**Given material**:
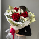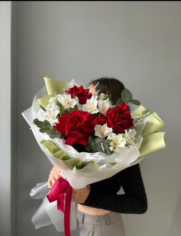Нежный букет с розами ,эвкалиптом и альстромерией
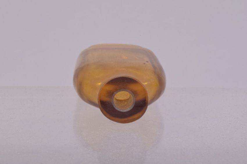 A CHINESE AMBER COLOURED GLASS SNUFF BOTTLE, 6.5cm.
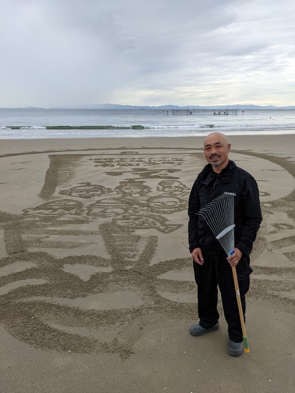 プロジェクト終了後、ご支援いただいた方の会社名(企業ロゴであったり)、名前等を砂浜絵師ジャッカル 山本さんにサンドアートで制作してもらいます!またその完成写真をお送りします!
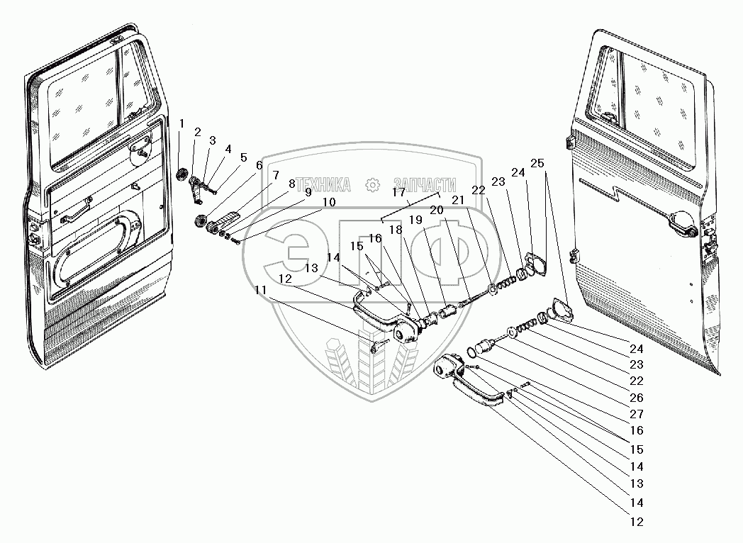 Каталог запасных частей к технике: УралАЗ УРАЛ-55571-40. Ручки двери

**Exercise aim**:
Everything in the material above is to be reproduced exactly, pictures aside.

**Result for this exercise**:
Нежный букет с розами ,эвкалиптом и альстромерией
 A CHINESE AMBER COLOURED GLASS SNUFF BOTTLE, 6.5cm.
 プロジェクト終了後、ご支援いただいた方の会社名(企業ロゴであったり)、名前等を砂浜絵師ジャッカル 山本さんにサンドアートで制作してもらいます!またその完成写真をお送りします!
 Каталог запасных частей к технике: УралАЗ УРАЛ-55571-40. Ручки двери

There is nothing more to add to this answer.